Coding Agents and Operational Safety

We study how autonomous coding agents fail during ordinary development work and design safeguards, from constraint enforcement to failure transparency and safe-halt behaviors, for deploying them responsibly.
People: Sumon Biswas, Alif Al Hasan, David O'Brien, Sayem Imtiaz, Rabe Abdalkareem, Emad Shihab, Hridesh Rajan
Overview
Autonomous coding agents built on large language models are wired directly into development workflows: they edit files, run commands, configure environments, and fix bugs with growing autonomy. Most safety evaluations of these tools focus on explicitly malicious prompts, but we argue this misses the larger and more common danger: agents that fail during ordinary, goal-directed work through destructive operations, constraint violations, authorization bypasses, and silent errors that surface only after damage is done.
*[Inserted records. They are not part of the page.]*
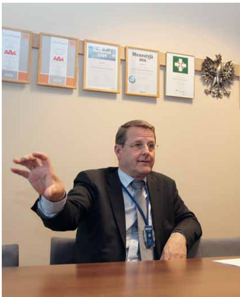
”Kaikki menee kaupaksi, kunhan hinta on sopiva”

Teksti: Tuula Manner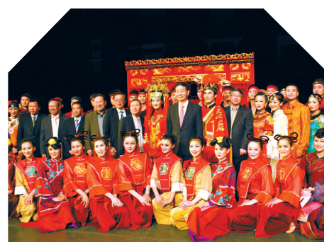
舞剧《十里红妆·女儿梦》赴美演出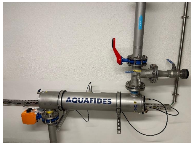
UV C Filteranlage Bättwilerstrasse 7 a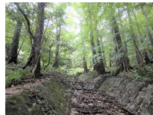
治山遺構施設 (S13災害復旧)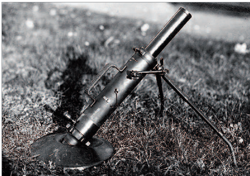
◀ Prototyp 4,7cm minometu z roku 1937, který byl vyroben podle projektu VTLÚ Zbrojovkou Brno. Při komparativních zkouškách se škodovským 5cm minometem B 6 se ukázal jako lepší. K jeho zavedení do výzbroje nedošlo.

Funkci velitele v letech 1925-1939 vykonával divizní generál MontDr. Ing. František Kolařík (1881-1950), jeho zástupcem byl brigádní generál Jaroslav Matička (1882-1970). V době okupace pokračoval ve své činnosti pouze II. letecký odbor VTLÚ v Letňanech, který byl v roce 1939 přejmenován na Letecký technický zkušební ústav a převeden pod pravomoc

We characterize these operational risks empirically, build taxonomies and benchmarks grounded in real usage, and translate the findings into concrete safeguards. This connects our recent work on agentic-code safety, appearing at ASE 2026, with earlier work on AI-assisted technical-debt maintenance at ICSE 2024, and asks how to measure agent safety as capabilities grow and how to give developers meaningful oversight of systems acting on their behalf.
Current Focus
- An incident-driven study of what breaks when LLMs code (ASE 2026): triangulating 68,816 screened papers across 22 premier venues with 16,586 GitHub issues from deployed LLM-powered coding tools, we confirm 547 genuine safety failures and derive a taxonomy of 33 operational risk types across seven dimensions.
- Everyday development, not adversarial input, is where most harm occurs: over 65% of incidents arise during routine bug fixing and setup or configuration, and 326 of the 547 incidents are rated high or critical severity.
- Safeguards that go beyond adversarial-prompt defenses: environmental constraint enforcement, failure transparency, and safe-halt capabilities that let an agent stop rather than push forward into harm.
- How maintenance context shapes generated code: our ICSE 2024 study of 36,381 TODO comments from 102,424 repositories and 1,140 Copilot-generated code bodies shows that Copilot both reproduces the symptoms of self-admitted technical debt and can repay it under the right prompting.